Could you give back the records exactly, taking out the pictures?

§ **Records for processing**
—————
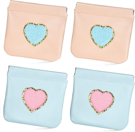 BYXEPA Coin Purse 4 Pack Change Purses Small PU Leather Cosmetic Bag Pocket Heart Makeup Organizer Cute Portable Waterproof Jewelry Travel Case for Girls Kids (2 Pink + 2 Blue)
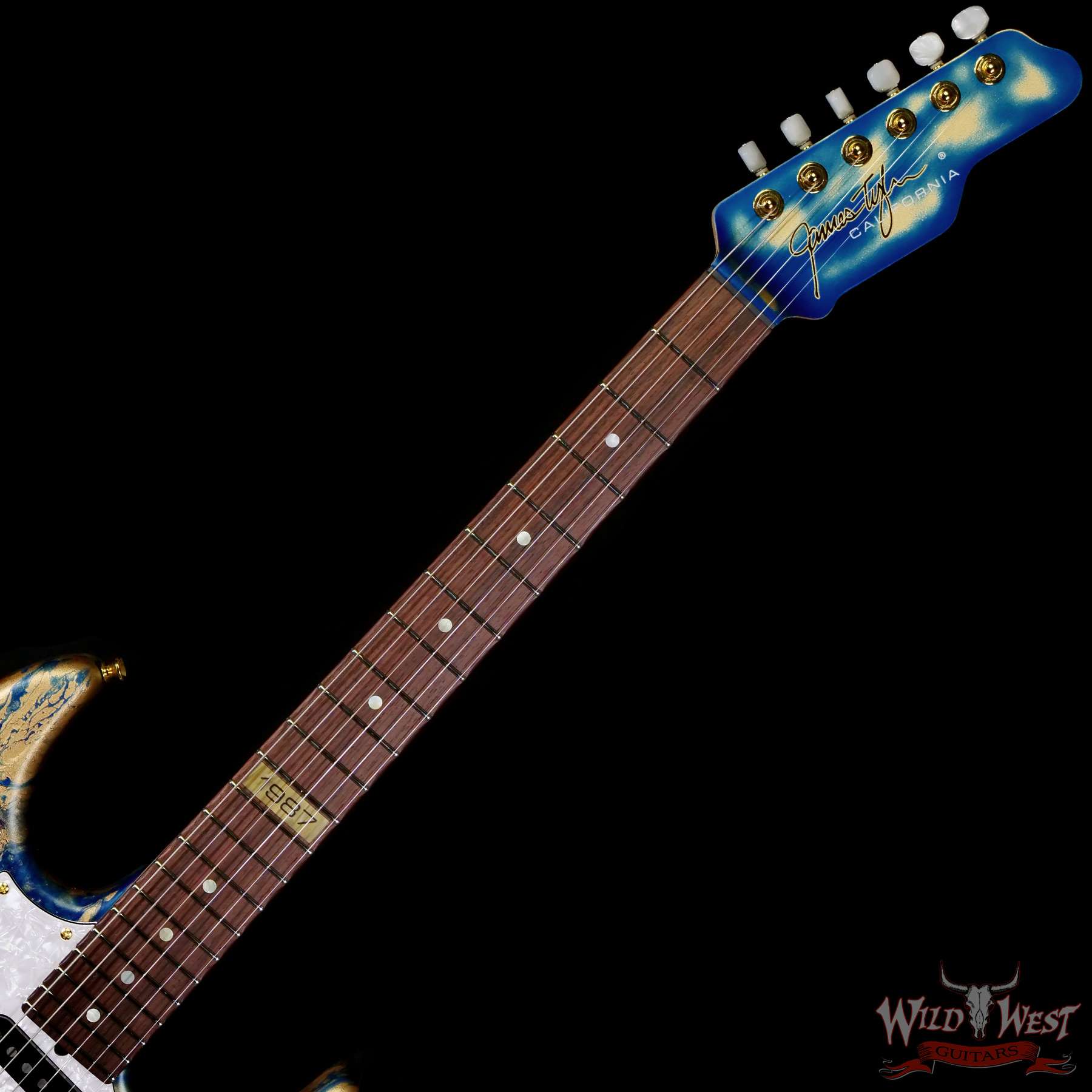 On 2024 NAMM, James Tyler Guitars announced the Studio Elite 1987. The design was a idea of Sarah Tyler (James Tyler’s Daughter) to celebrate the 35th anniversary of the Studio Elite. The official birth year for the Studio Elite with Jim’s headstock design was 1987. It was also the year that Jim went full time building only and no more mods and repairs. So in 2022 it was 35 years old. So to celebrate, everything on the guitar is California and the sounds are a throwback to those early Tylers which were all Mamywo (Jelutong) and had lead/rhythm circuits in them with midboost preamps. Also, to keep it as modern as possible too, we are using Stingray 500 with the new cancelling coil circuit.
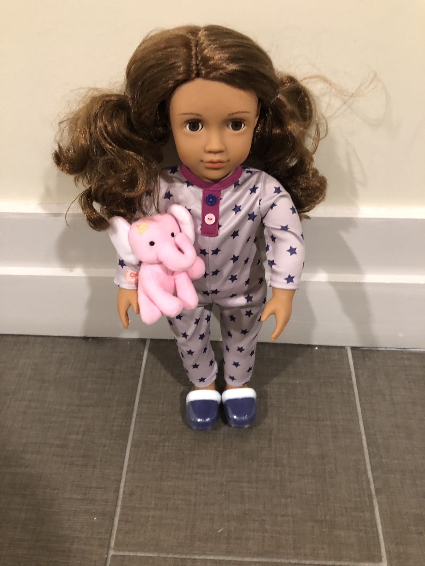 Highlights 18-inch slumber party doll Maria Long brown hair with brown eyes that open and close for sweet dreams Arms, legs, and neck rotate to help change outfits Includes: doll, onesie with decorative stars, undies, pink elephant stuffed animal, and slippers Easy-open closures make outfit quick to put on and remove Compatible with most 18-inch dolls and accessories See less
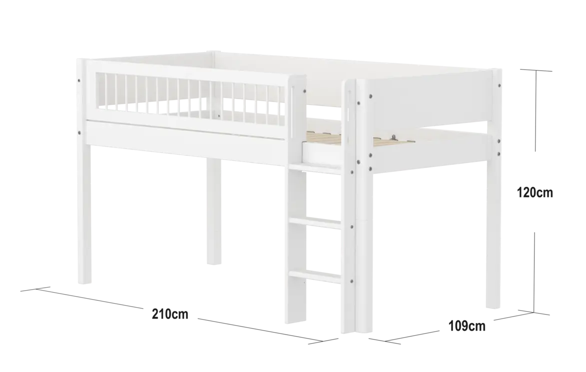 Ontdek de Flexa White halfhoogslaper met een rechte ladder en een Crossbars uitvalbeveiliging, speciaal ontworpen voor kinderen. De ladder is voorzien van anti-sliptreden en geïntegreerde handgrepen en kan aan beide uiteinden van het bed worden geplaatst voor maximale flexibiliteit.
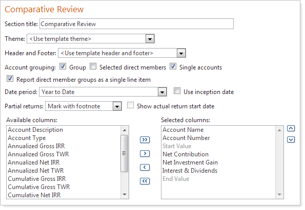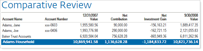 Over the years, we've heard feedback that you sometimes want to see consolidated totals for your accounts for a particular date range. We have also heard that you want to show both IRR and TWR as columns together on a single report. We've listened to your feedback and have added the Comparative Review PDF section.
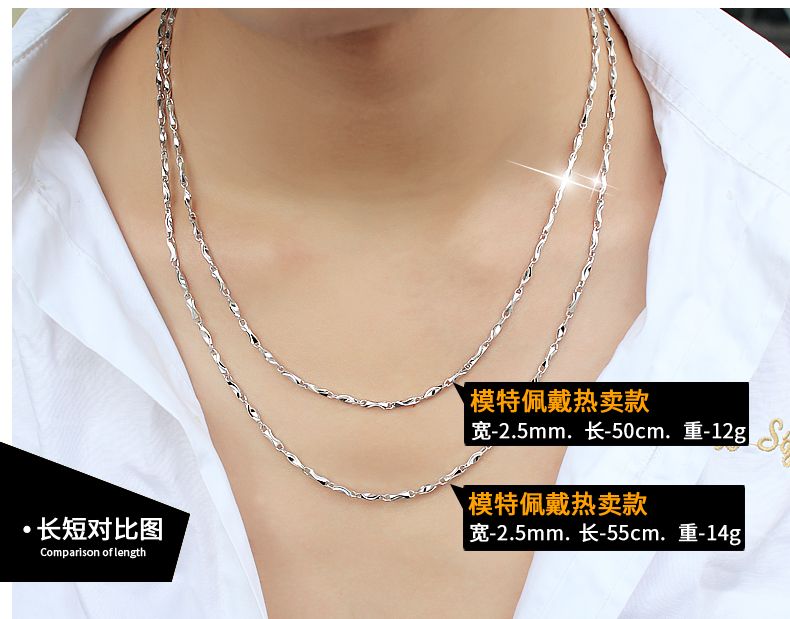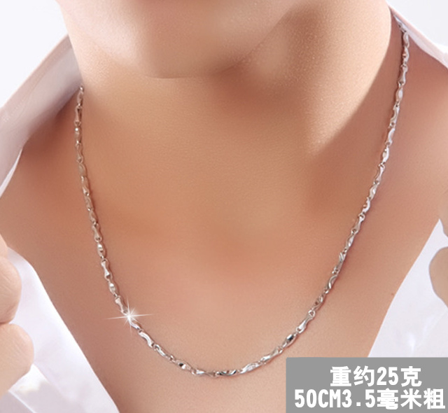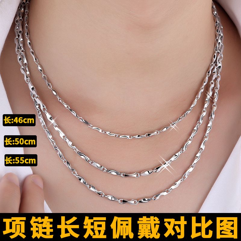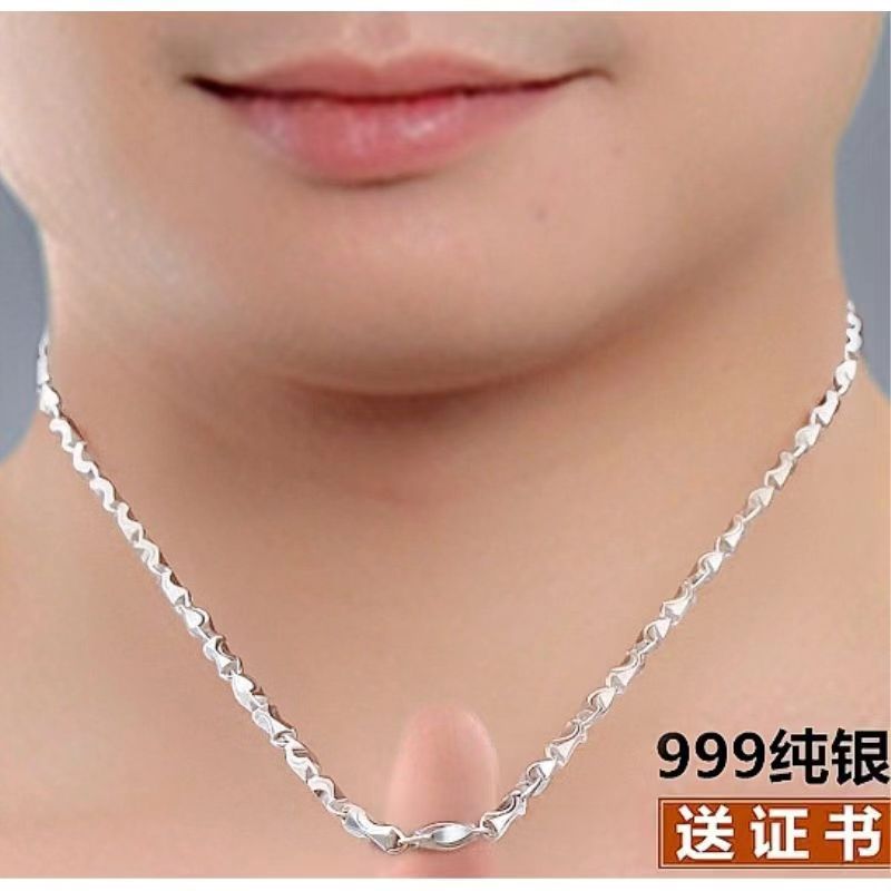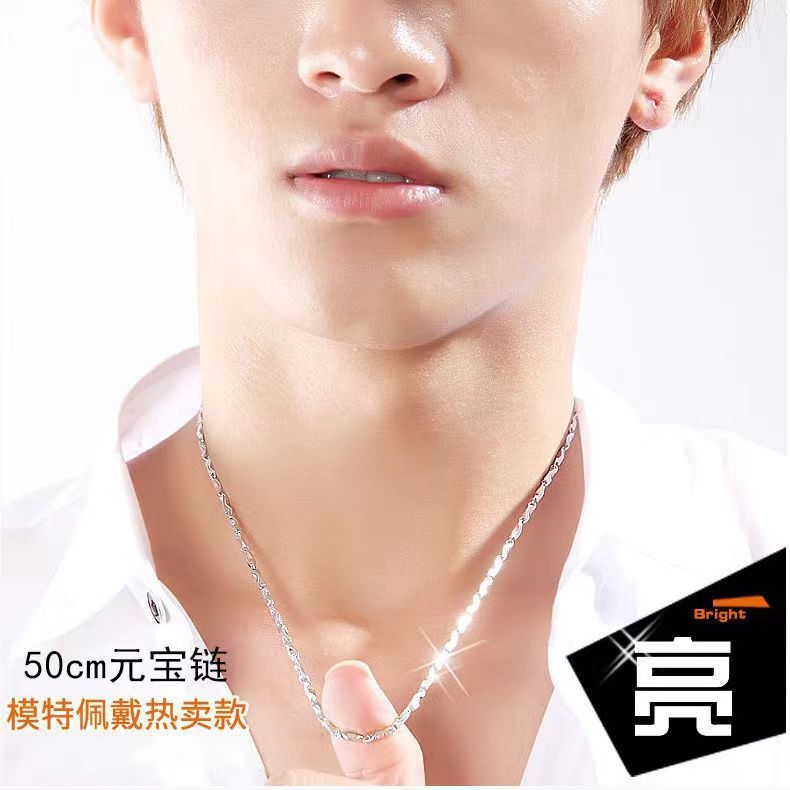 【假一赔十】纯银999男女士元宝链子粗银项链时尚百搭送男友礼物
—————
§ **Result of this task**
 BYXEPA Coin Purse 4 Pack Change Purses Small PU Leather Cosmetic Bag Pocket Heart Makeup Organizer Cute Portable Waterproof Jewelry Travel Case for Girls Kids (2 Pink + 2 Blue)
 On 2024 NAMM, James Tyler Guitars announced the Studio Elite 1987. The design was a idea of Sarah Tyler (James Tyler’s Daughter) to celebrate the 35th anniversary of the Studio Elite. The official birth year for the Studio Elite with Jim’s headstock design was 1987. It was also the year that Jim went full time building only and no more mods and repairs. So in 2022 it was 35 years old. So to celebrate, everything on the guitar is California and the sounds are a throwback to those early Tylers which were all Mamywo (Jelutong) and had lead/rhythm circuits in them with midboost preamps. Also, to keep it as modern as possible too, we are using Stingray 500 with the new cancelling coil circuit.
 Highlights 18-inch slumber party doll Maria Long brown hair with brown eyes that open and close for sweet dreams Arms, legs, and neck rotate to help change outfits Includes: doll, onesie with decorative stars, undies, pink elephant stuffed animal, and slippers Easy-open closures make outfit quick to put on and remove Compatible with most 18-inch dolls and accessories See less
 Ontdek de Flexa White halfhoogslaper met een rechte ladder en een Crossbars uitvalbeveiliging, speciaal ontworpen voor kinderen. De ladder is voorzien van anti-sliptreden en geïntegreerde handgrepen en kan aan beide uiteinden van het bed worden geplaatst voor maximale flexibiliteit.
 Over the years, we've heard feedback that you sometimes want to see consolidated totals for your accounts for a particular date range. We have also heard that you want to show both IRR and TWR as columns together on a single report. We've listened to your feedback and have added the Comparative Review PDF section.
 【假一赔十】纯银999男女士元宝链子粗银项链时尚百搭送男友礼物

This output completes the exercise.